6.2 Principal Components
Notations and Procedure
Suppose that we have a random vector of the features \(X\).
\[ \textbf{X} = \left(\begin{array}{c} X_1\\ X_2\\ \vdots \\X_p\end{array}\right) \]
with population variance-covariance matrix
\[ \text{var}(\textbf{X}) = \Sigma = \left(\begin{array}{cccc}\sigma^2_1 & \sigma_{12} & \dots &\sigma_{1p}\\ \sigma_{21} & \sigma^2_2 & \dots &\sigma_{2p}\\ \vdots & \vdots & \ddots & \vdots \\ \sigma_{p1} & \sigma_{p2} & \dots & \sigma^2_p\end{array}\right) \]
Consider the linear combinations
\[ \begin{array}{lll} Y_1 & = & a_{11}X_1 + a_{12}X_2 + \dots + a_{1p}X_p \\ Y_2 & = & a_{21}X_1 + a_{22}X_2 + \dots + a_{2p}X_p \\ & & \vdots \\ Y_p & = & a_{p1}X_1 + a_{p2}X_2 + \dots +a_{pp}X_p \end{array} \]
Note that \(Y_i\) is a function of our random data, and so is also random. Therefore it has a population variance
\[ \text{var}(Y_i) = \sum_{k=1}^{p} \sum_{l=1}^{p} a_{ik} a_{il} \sigma_{kl} = \mathbf{a}^T_i \Sigma \mathbf{a}_i \]
Moreover, \(Y_i\) and \(Y_j\) will have a population covariance
\[ \text{cov}(Y_i, Y_j) = \sum_{k=1}^{p} \sum_{l=1}^{p} a_{ik}a_{jl}\sigma_{kl} = \mathbf{a}^T_i\Sigma\mathbf{a}_j \]
and a correlation
\[ \text{cor}(Y_i, Y_j) = \frac{\text{cov}(Y_i, Y_j)}{\sigma^2_i \sigma^2_j}\]
Here the coefficients \(a_{ij}\) are collected into the vector
\[ \mathbf{a}_i = \left(\begin{array}{c} a_{i1}\\ a_{i2}\\ \vdots \\ a_{ip}\end{array}\right) \]
The coefficients \(a_{ij}\) are also called loadings of the principal component \(i\) and \(\mathbf{a}_i\) is a principal component loading vector.
- The total variation of \(X\) is the trace of the variance-covariance matrix \(\Sigma\).
- The trace of \(\Sigma\) is the sum of the variances of the individual variables.
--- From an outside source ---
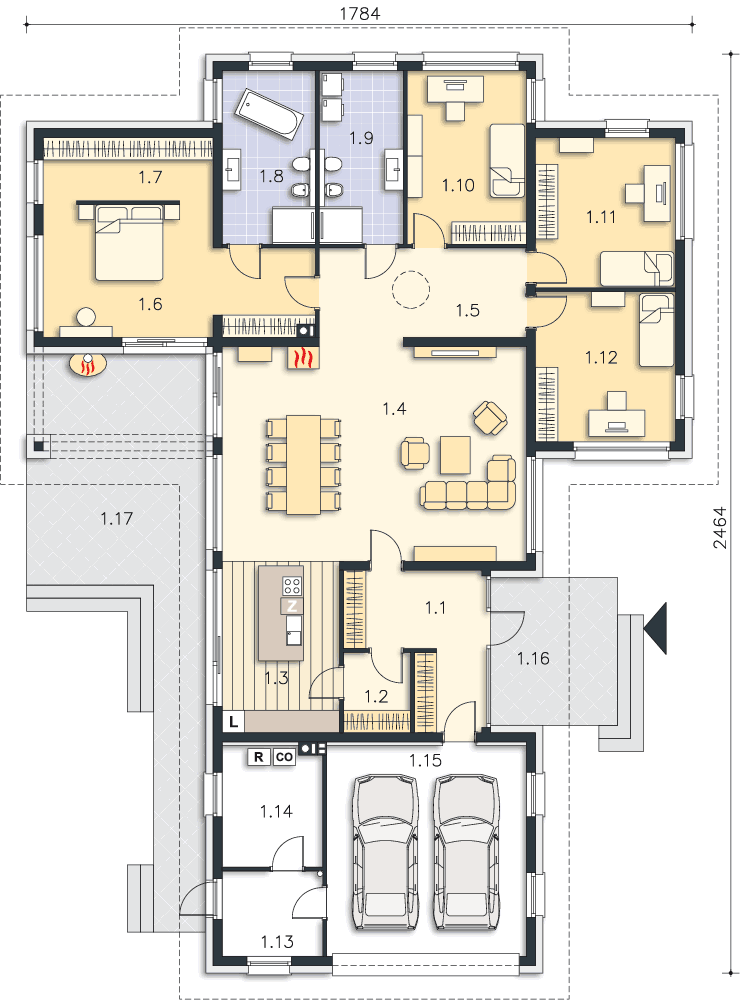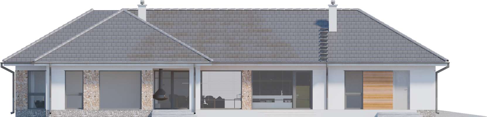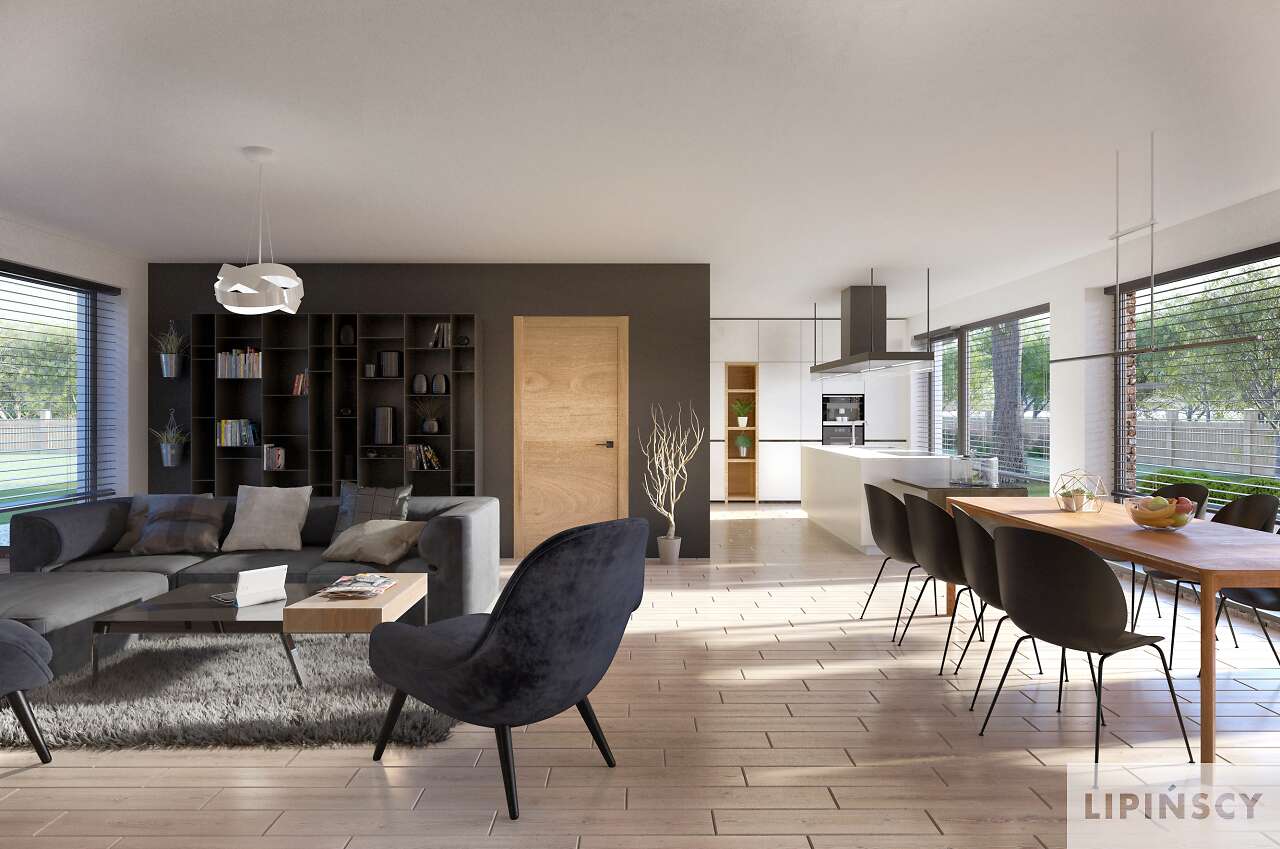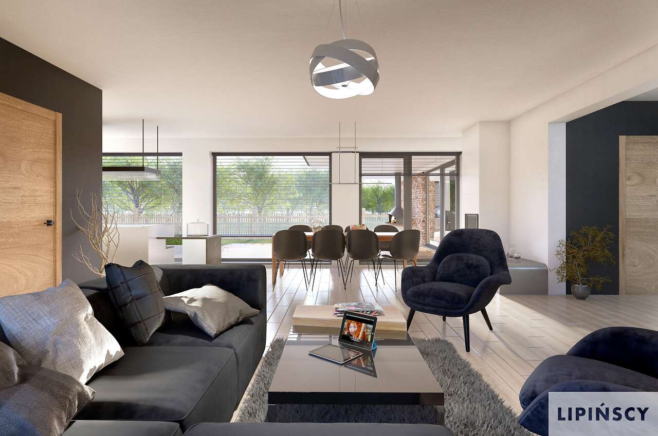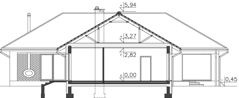 Wygodny energooszczędny dom parterowy z dachem wielospadowym. Układ budynku pozwala zlokalizować go na niezbyt szerokiej działce oraz na działkach o różnym usytuowaniu wobec stron świata. Wyodrębniono trzy strefy: gospodarczą z podwójnym garażem i pomieszczeniami dodatkowymi, doskonale doświetloną strefę rekreacyjną z półotwartą kuchnią z wyspą, zadaszonym tarasem usytuowanym w narożu między dwoma ścianami i posiadającym zewnętrzny kominek- w centralnej części domu oraz część prywatną z przeszklonymi czterema sypialniami i dwoma łazienkami. Cegła na elewacji domowi nadaje wyrazistego charakteru, a przytulności - otoczeniu domu, a płaska dachówka podkreśla nowoczesny charakter architektury. W projekcie przewidziano ogrzewanie kotłem na gaz. Możliwa jest zmiana ogrzewania na pompę ciepła.

- \(trace(\Sigma) \, = \, \sigma^2_1 + \sigma^2_2 + \dots +\sigma^2_p\)
First Principal Component (\(\text{PC}_1\)): \(Y_1\)
The first principal component is the normalized linear combination of the features \(X_1,X_2,\ldots,X_p\) that has maximum variance (among all linear combinations), so it accounts for as much variation in the data as possible.
Specifically we will define coefficients \(a_{11},a_{12},\ldots,a_{1p}\) for that component in such a way that its variance is maximized, subject to the constraint that the sum of the squared coefficients is equal to one (that is what we mean by normalized). This constraint is required so that a unique answer may be obtained.
More formally, select \(a_{11},a_{12},\ldots,a_{1p}\) that maximizes
\[ \text{var}(Y_1) = \mathbf{a}^T_1\Sigma\mathbf{a}_1 = \sum_{k=1}^{p}\sum_{l=1}^{p}a_{1k}a_{1l}\sigma_{kl} \]
subject to the constraint that
\[ \sum_{j=1}^{p}a^2_{1j} = \mathbf{a}^T_1\mathbf{a}_1 = 1 \]
Second Principal Component (\(\text{PC}_2\)): \(Y_2\)
The second principal component is the linear combination of the features \(X_1,X_2,\ldots,X_p\) that accounts for as much of the remaining variation as possible, with the constraint that the correlation between the first and second component is 0. So the second principal component has maximal variance out of all linear combinations that are uncorrelated with \(Y_1\).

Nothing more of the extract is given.